3 Regulation of Flavonoids

In order to respond towards various environmental stress situations, plants have a controlled mechanism to regulate their gene expression in a spatiotemporal manner mediated by transcription factors (TFs). These TFs help plants to switch on and off their activity against these environmental conditions and help to adjust the physiology and metabolism according to the situation, thereby protecting against injury or death. MYB, WD40, and bHLH transcription factors together regulate the flavonoid pathway genes (Hichri et al. 2010).

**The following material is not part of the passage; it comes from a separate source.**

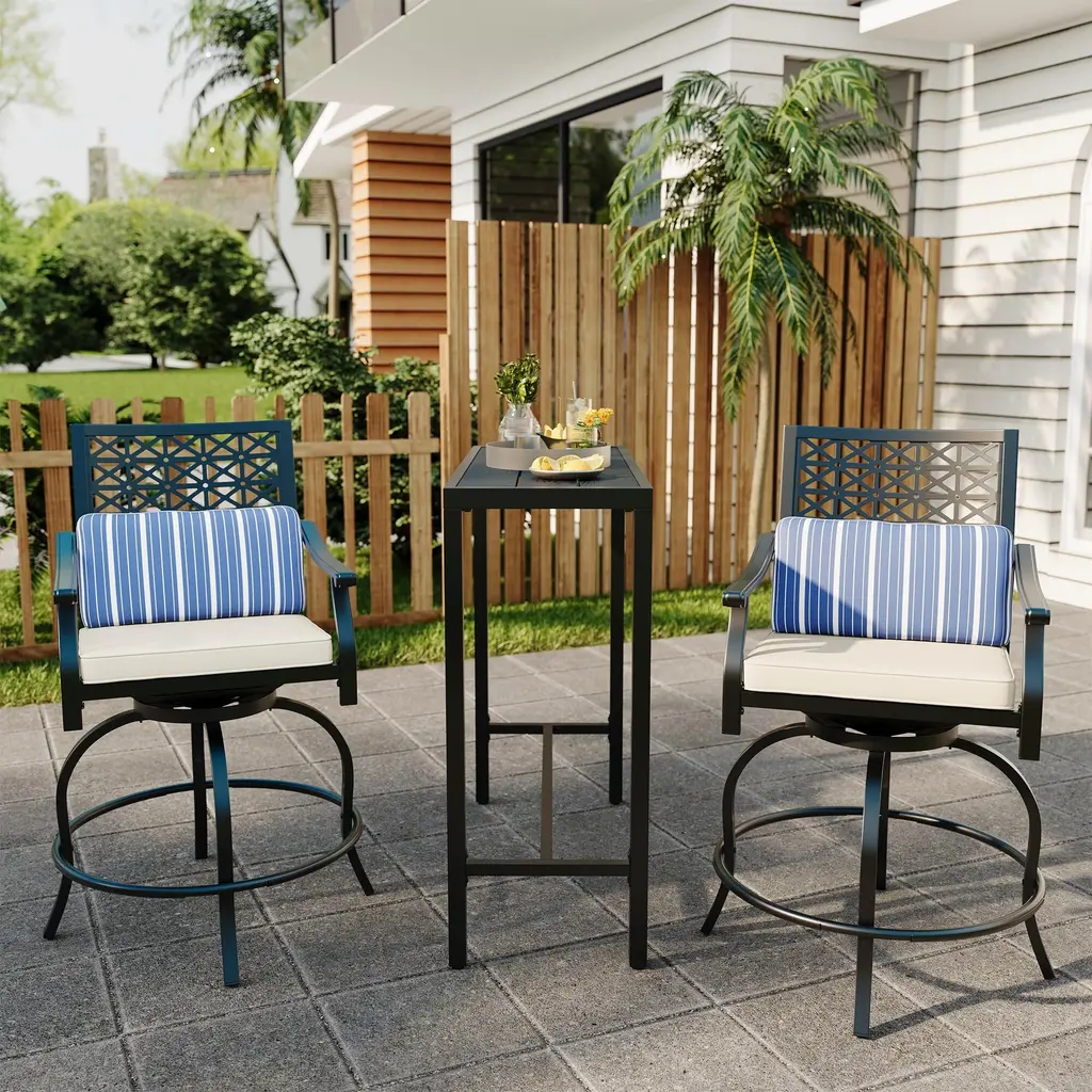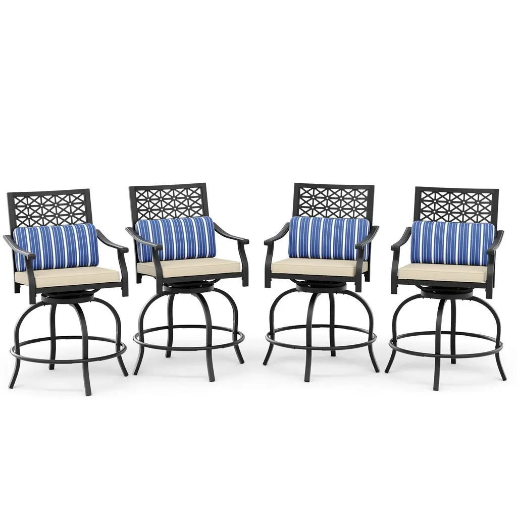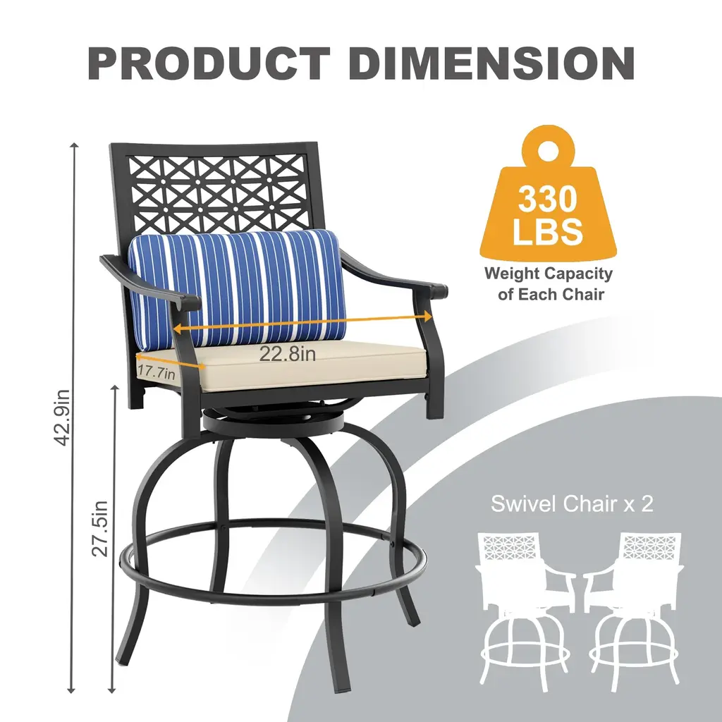 360 DEGREE SWIVEL BAR CHAIRS - 360 degree rotation is a special design about this outdoor bar stool with cushion. The ergonomic design of the seat and backrest brings you comfortable dining and leisure time in any posture. It allows you to talk with others from various directions or enjoy the scenery from different angles, maximizing the enjoyment of your break time DIMENSION(FULLY ASSEMBLED) - Patio swivel bar stools set of 2/4: W 22.8" x L 22.8" x H 42.9", Seat Height: 27.5". Weight Capacity: 330 lbs. 2*Seat Cushion. Two bar stools are included. These chairs are built to be level with most bars and come with a wide seat and armrests for hours of seated relaxation HUMANIZED DESIGN - Boasting curved backrests and ergonomic armrests, these outdoor counter top swivel bar stools deliver a cozy sitting experience to you. Moreover, the comfortable footrest will make you feel more relaxed. The stable base ensures the safety of the chair, and the four outer bowed legs are connected by metal rings SWIVEL PATIO BAR STOOLS WITH CUSHIONS - These outdoor counter height stools come in black metal frame and beige cushions, easily goes with any decoration. This set of two swivel bar stools features a rust-resistant cast aluminum frame with a delicate antique pattern, creating a romantic European-inspired look ideal for outdoor living spaces like gardens, porches, or yards DUTABLE CONSTRUCTION - We pick a classic and attrative back pattern for this bar chair. Metal steel frame with rust-resistant old craft e-coating makes it look retro, traditional and all-weather proof which can last for many rears. The bar height patio chairs are easy to assemble with detailed installation manuals and complete accessories

The MYB family of proteins is large, functionally diverse and involved in a variety of crucial functions including controlling developmental regulations, metabolism and biotic and abiotic stress responses. There are several MYB proteins are involved in the regulation of flavonoids in various plants such as Arabidopsis (MYB75 (PAP1), MYB90 (PAP2), MYB12 and MYBL2), petunia (AN2, PH4), grape (MYBA1, MYBA2), sweet potato, apple (MYB10/MYB1/MYBA), legume (LAP1) and persimmon (MYB4) and Epimedium sagittatum (MYBA1) (reviewed in Mierziak et al. 2014). Most of the MYB TFs positively regulate the flavonoid biosynthesis whereas, some acts as a suppressor of flavonoid biosynthesis. For example, R3, AtMYBL2 and AtMYB60 act as anthocyanin repressors and inhibit anthocyanin production. Recent research in Arabidopsis and grapevine suggest that MYB regulates the flavonol pathway.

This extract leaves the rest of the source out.